No significant increases in the frequency of revertant colonies were recorded for any of the bacterial strains, with any dose of the test material, either with or without metabolic activation.

All of the positive control chemicals used in the test induced marked increases in the frequency of revertant colonies thus confirming the activity of the S9-mix and the sensitivity of the bacterial strains.

For Tables of results, please refer to the attached Appendix 1.

Applicant's summary and conclusion

Conclusions:

Interpretation of results (migrated information):
negative

The test material was considered to be non-mutagenic under the conditions of this test.

Executive summary:

Introduction. The method was designed to meet the requirements of the OECD Guidelines for Testing of Chemicals No. 471 "Reverse Mutation Study", Method B14 of Commission Directive 92/69/EEC and the USA, EPA (TSCA) OPPTS harmonised guidelines.

Methods. Salmonella typhimurium strains TA1535, TA1537, TA98, TA100 and Escherichia coli strain WP2uvrA^-were treated with suspensions of the test material using the Ames plate incorporation method at five dose levels, in triplicate, both with and without the addition of a rat liver homogenate metabolising system (10% liver S9 in standard co-factors). The dose range was determined in a preliminary toxicity assay and was 50 to 5000 µg/plate in the first experiment. The experiment was repeated on a separate day using the same dose range as Experiment 1, fresh cultures of the bacterial strains and fresh test material formulations.
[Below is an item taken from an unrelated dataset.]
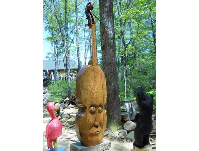 A chainsaw carving with hand-carved and metal work finishes and details by New Hampshire award winning Chainsaw carver and artist Michael Martineau. This upright bass guitar was carved from one piece of Butternut also known as White Walnut. However, the neck of the bass can be removed. Michael lost his life to suicide on February 12, 2015 so this is a one-of-a-kind piece. This piece should be displayed indoors.

Results. The vehicle (acetone) control plates gave counts of revertant colonies within the normal range. All of the positive control chemicals used in the test induced marked increases in the frequency of revertant colonies, both with and without metabolic activation. Thus, the sensitivity of the assay and the efficacy of the S9-mix were validated.

The test material caused no visible reduction in the growth of the bacterial background lawn at any dose level. However, a small decrease in the frequency of revertant colonies was observed in most of the tester strains with and without S9-mix at 5000 µg/plate. The test material was, therefore, tested up to the maximum recommended dose level of 5000 µg/plate. A white, oily precipitate was observed at 5000 µg/plate, this did not prevent the scoring of revertant colonies.

No significant increases in the frequency of revertant colonies were recorded for any of the bacterial strains, with any dose of the test material, either with or without metabolic activation.

Conclusion.The test material was considered to be non-mutagenic under the conditions of this test.